▸ ACTIVITY
Leaving the pictures aside, repeat each line below exactly.

▸ INFORMATION SUPPLIED
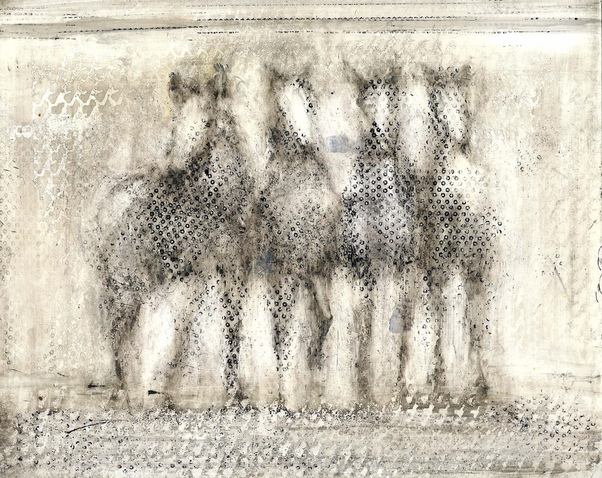 For a few months a few years ago the wallpaper on my computer desktop was a photograph of a band of wild horses galloping over a flat, marshy landscape of water and earth tones. It is an aerial shot taken from some distance. There are 16 horses in the frame and they span, generally speaking, the middle third of the image. If a compass and the photograph were synched, the horses would be running east, and since this is a photograph of a band of wild horses in south central Florida, that would mean toward the Atlantic. Even though the herd does not register as much more than specks in the scene, these specks still communicate speed and animal physicality. I was living in New York City at that time and the image struck some chord inside me about the world beyond the Bronx. Plus, I’d always loved horses, even though it had been years since I’d spent any real time with them. It was a sentimental nod to the schoolgirl I used to be.
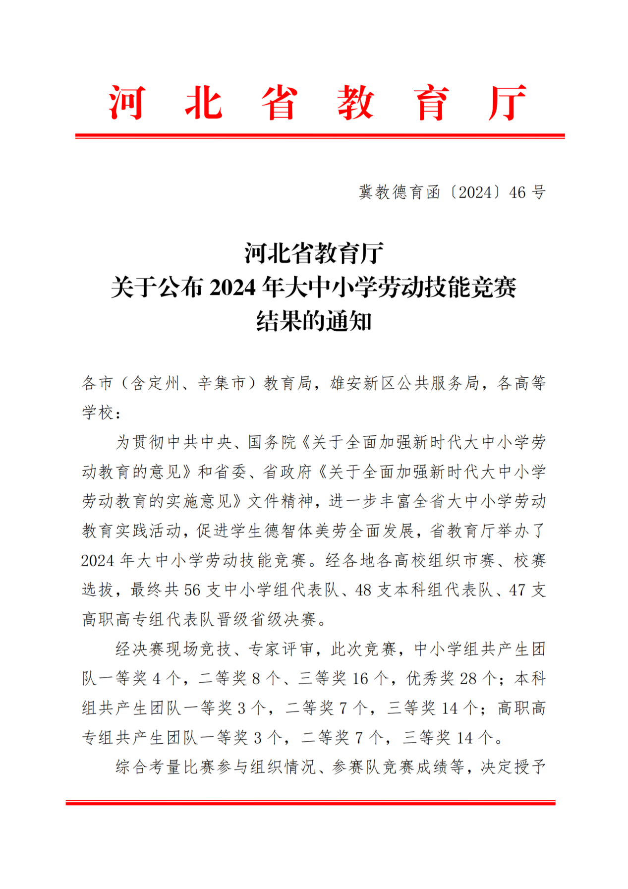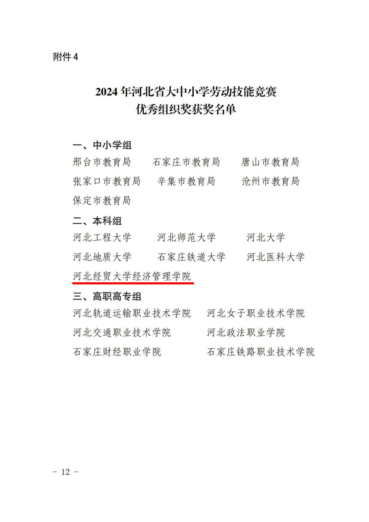 近日,河北省教育厅公布2024年大中小学劳动技能竞赛结果,开云官网获得河北省劳动技能竞赛(本科组)团体二等奖,并被评为优秀组织奖,取得参加河北省劳动技能竞赛历史最好成绩。
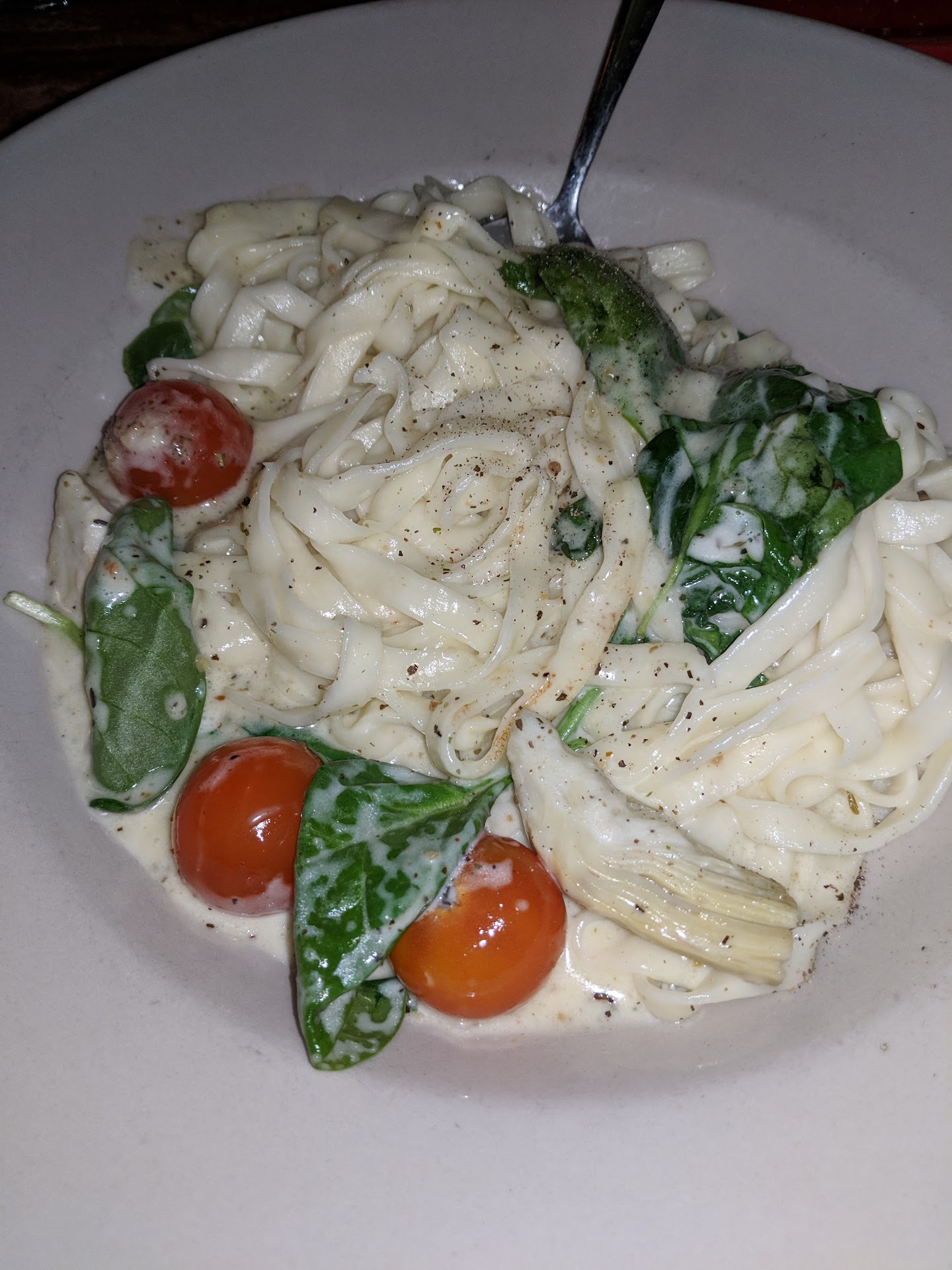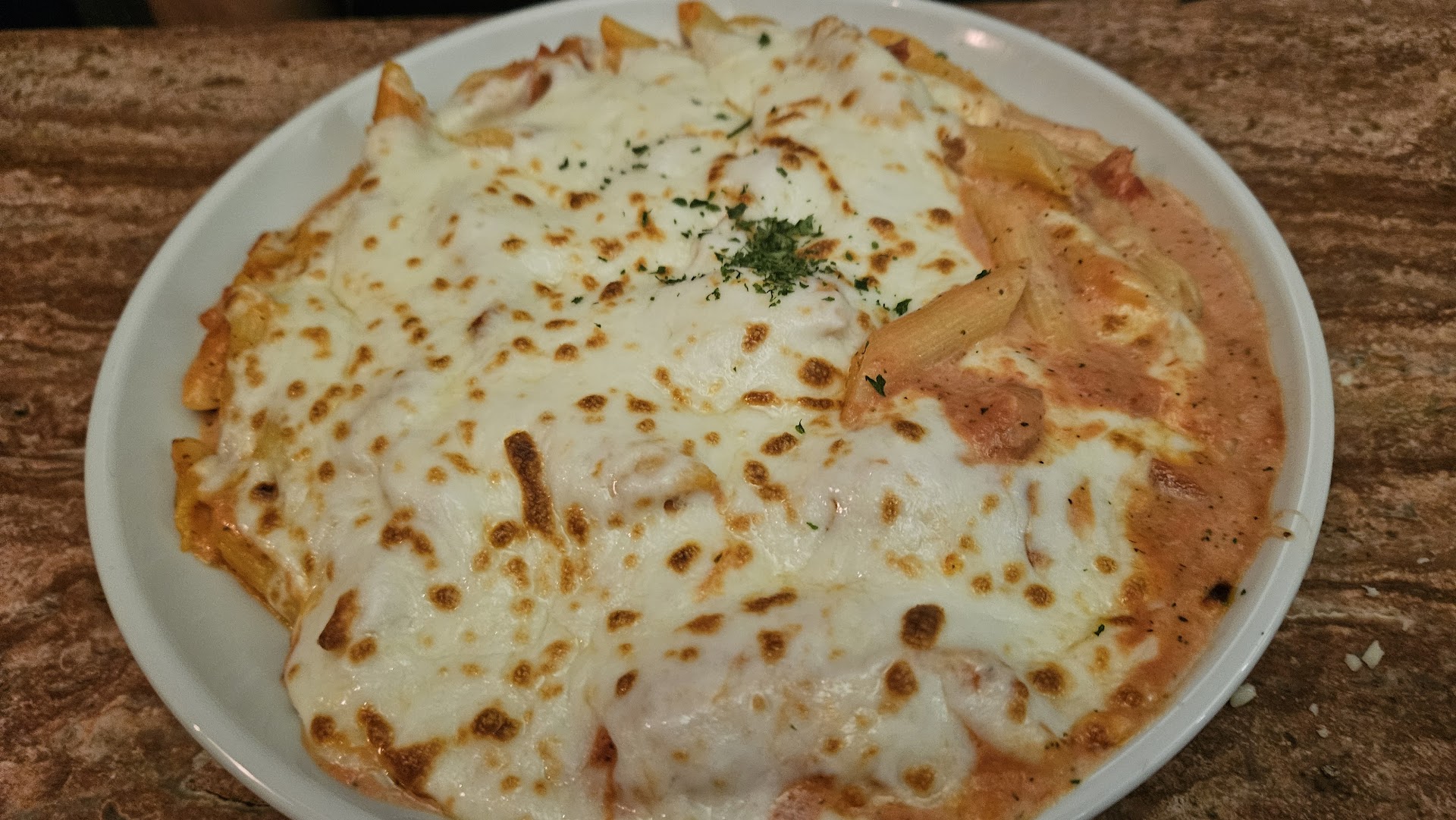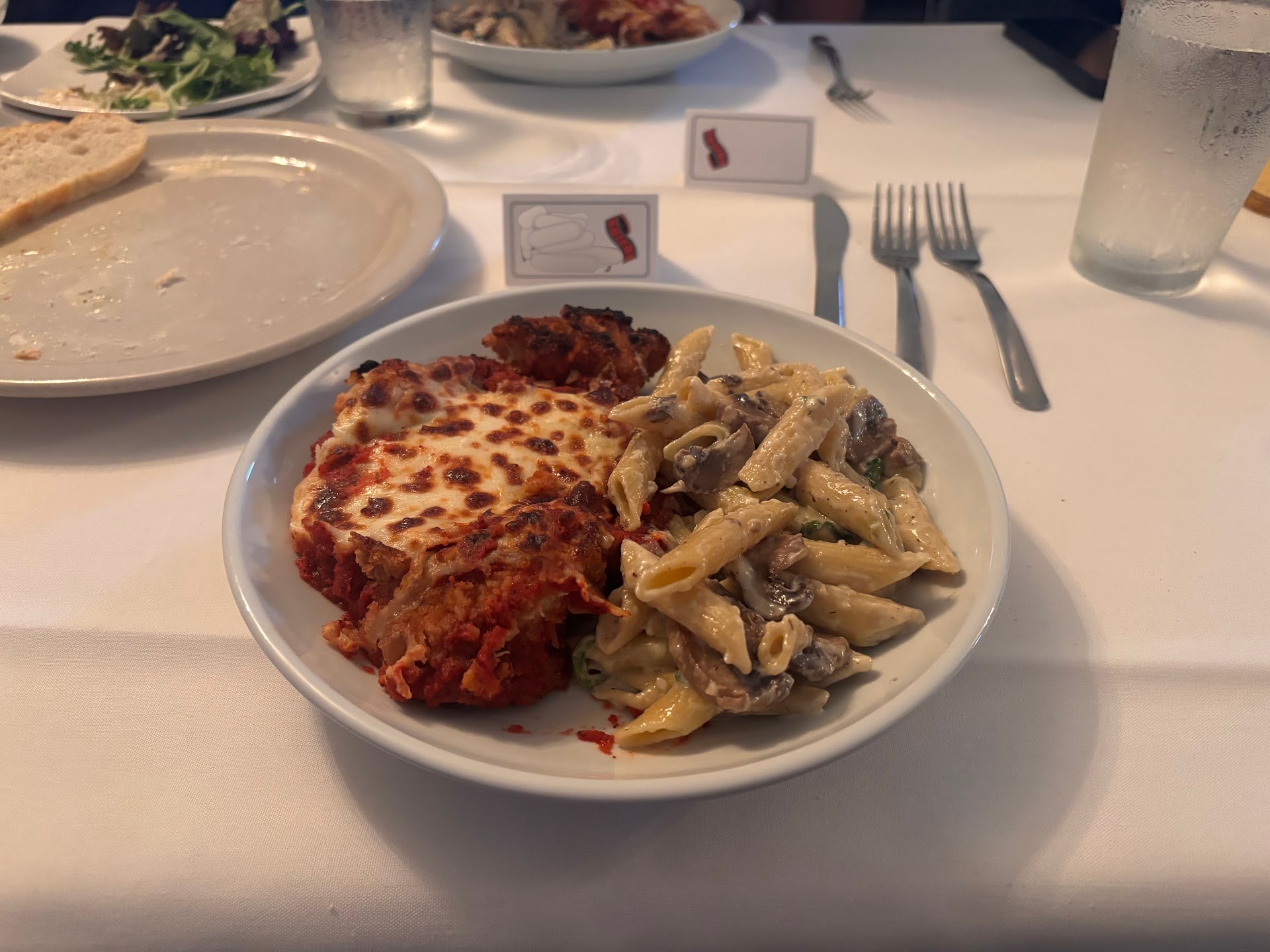 My friends who had been here before ordered "The Lobster" which is a penne with cream sauce topped with chunks of lobster, very good sauce, but there wasn't nearly enough of it. My chicken parmesan on the other hand was strange but very good. Abnormally it had tortellini and a cream sauce for the pasta on the side instead of the usual spaghetti and red sauce that the chicken is topped with. Nevertheless the tortellini was very good, as well as the cream sauce. The chicken was perfectly cooked and very crispy, it was also topped with the perfect amount of cheese.

▸ OUTPUT OF THE EXERCISE
 For a few months a few years ago the wallpaper on my computer desktop was a photograph of a band of wild horses galloping over a flat, marshy landscape of water and earth tones. It is an aerial shot taken from some distance. There are 16 horses in the frame and they span, generally speaking, the middle third of the image. If a compass and the photograph were synched, the horses would be running east, and since this is a photograph of a band of wild horses in south central Florida, that would mean toward the Atlantic. Even though the herd does not register as much more than specks in the scene, these specks still communicate speed and animal physicality. I was living in New York City at that time and the image struck some chord inside me about the world beyond the Bronx. Plus, I’d always loved horses, even though it had been years since I’d spent any real time with them. It was a sentimental nod to the schoolgirl I used to be.
 近日,河北省教育厅公布2024年大中小学劳动技能竞赛结果,开云官网获得河北省劳动技能竞赛(本科组)团体二等奖,并被评为优秀组织奖,取得参加河北省劳动技能竞赛历史最好成绩。
 My friends who had been here before ordered "The Lobster" which is a penne with cream sauce topped with chunks of lobster, very good sauce, but there wasn't nearly enough of it. My chicken parmesan on the other hand was strange but very good. Abnormally it had tortellini and a cream sauce for the pasta on the side instead of the usual spaghetti and red sauce that the chicken is topped with. Nevertheless the tortellini was very good, as well as the cream sauce. The chicken was perfectly cooked and very crispy, it was also topped with the perfect amount of cheese.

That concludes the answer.